Question

The bond dissociation energies of X₂ , Y₂ and XY are in the ratio of 1 : 0·5 : 1. ΔH for the formation of XY is – 200 kJ mol^–1 . The bond dissociation energy of X₂ will be

• A. 200 kJ mol^–1
• B. 800 kJ mol^–1
• C. 100 kJ mol^–1
• D. 400 kJ mol^–1

Answer 1

The Correct Option is B

The given problem involves understanding the bond dissociation energies and calculating the energy based on the given reaction enthalpy. We have the dissociation energies of X₂, Y₂, and XY in the ratio 1 : 0.5 : 1. Additionally, the enthalpy change for the formation of XY (\( \Delta H \)) is given as \( -200 \,\text{kJ mol}^{-1} \). We need to find out the bond dissociation energy of X₂.

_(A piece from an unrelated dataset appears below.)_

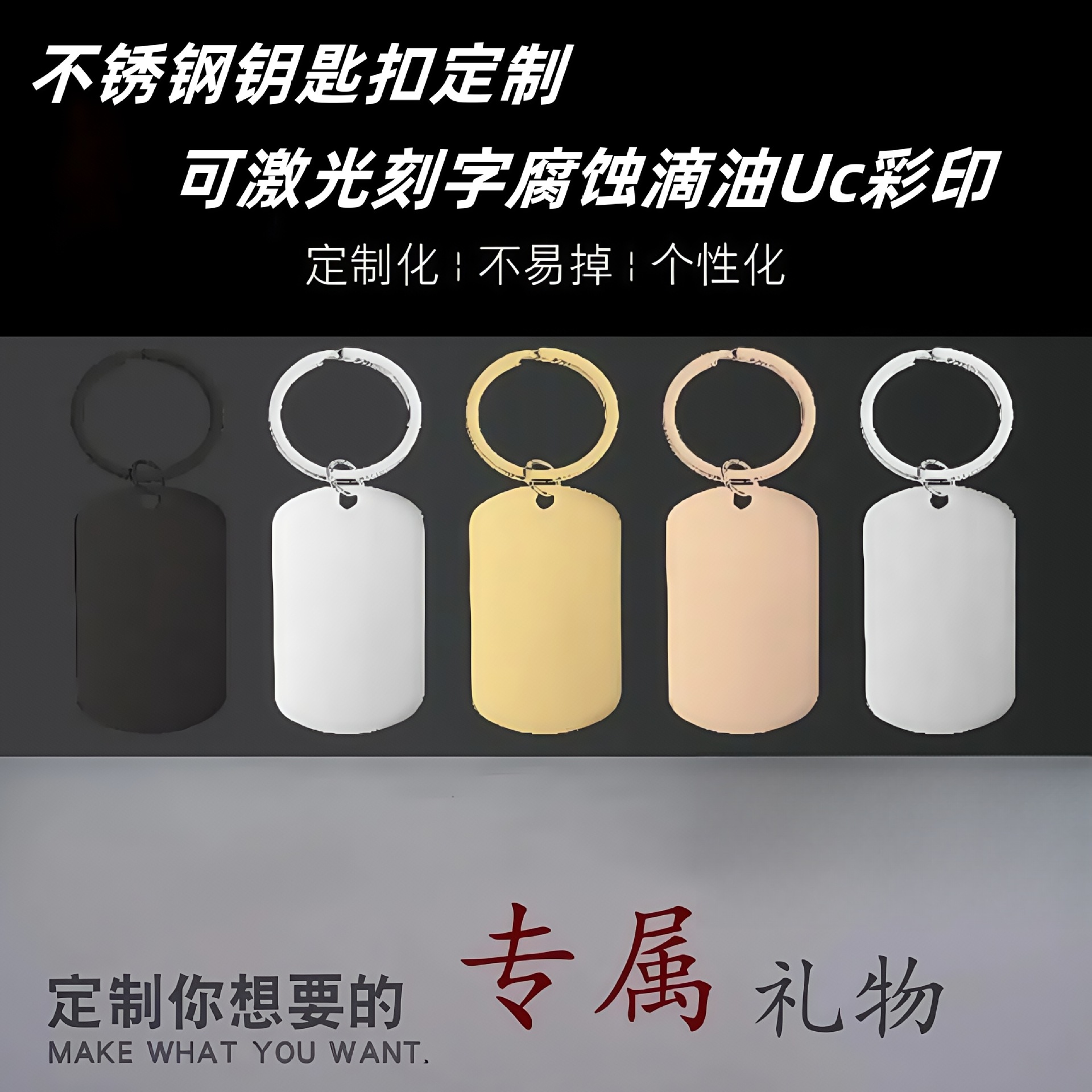 스테인레스 스틸 빈 키 체인 레이저 컬러 인쇄 부식 오일 드롭 소재 휴일 선물 조각 금속 키 체인

Let's denote the bond dissociation energies of X₂, Y₂, and XY as D_X-X, D_Y-Y, and D_X-Y respectively. According to the ratio given, we have:

• D_X-X : D_Y-Y : D_X-Y = 1 : 0.5 : 1

Assume D_X-X = \( x \) \( \text{kJ mol}^{-1} \). Then, according to the ratio:

• D_Y-Y = \( 0.5x \)
• D_X-Y = \( x \)

The reaction for the formation of XY can be written as:

\( \mathrm{X_2 + Y_2 \rightarrow 2XY} \)

The enthalpy change (\( \Delta H \)) for this reaction is given as the difference between the energy required to break the bonds and the energy released by the formation of bonds:

\( \Delta H = [D_{X-X} + D_{Y-Y}] - 2D_{X-Y} \)

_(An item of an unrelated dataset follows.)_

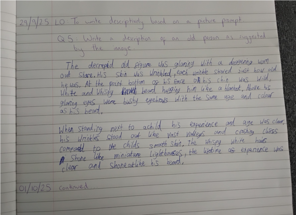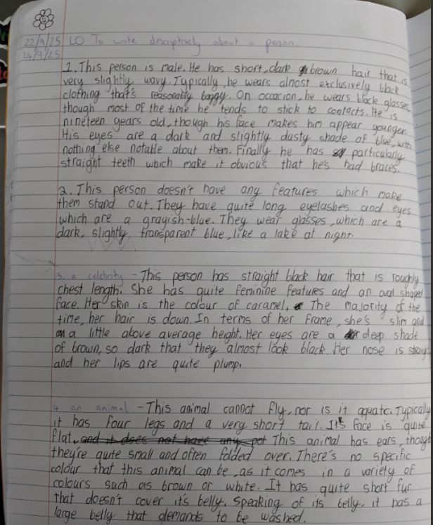 Lighthouse and Steeple have been completing descriptive writing work this term. This week they were learning how to effectively describe people and other living things in preparation for exam style questions. They have produced pages and pages of lovely writing and focused really well on the task. Well done!

Substituting the given values and \( \Delta H = -200 \,\text{kJ mol}^{-1} \), we get:

\( x + 0.5x - 2x = -200 \)

This equation simplifies to:

\( 1.5x - 2x = -200 \)

Which further simplifies to:

\( -0.5x = -200 \)

Solving this equation, we find:

\( x = 400 \,\text{kJ mol}^{-1} \)

Thus, the bond dissociation energy of X₂ (\( D_{X-X} \)) is:

\( 400 \,\text{kJ mol}^{-1} \)

Therefore, the correct answer is 400 kJ mol^-1.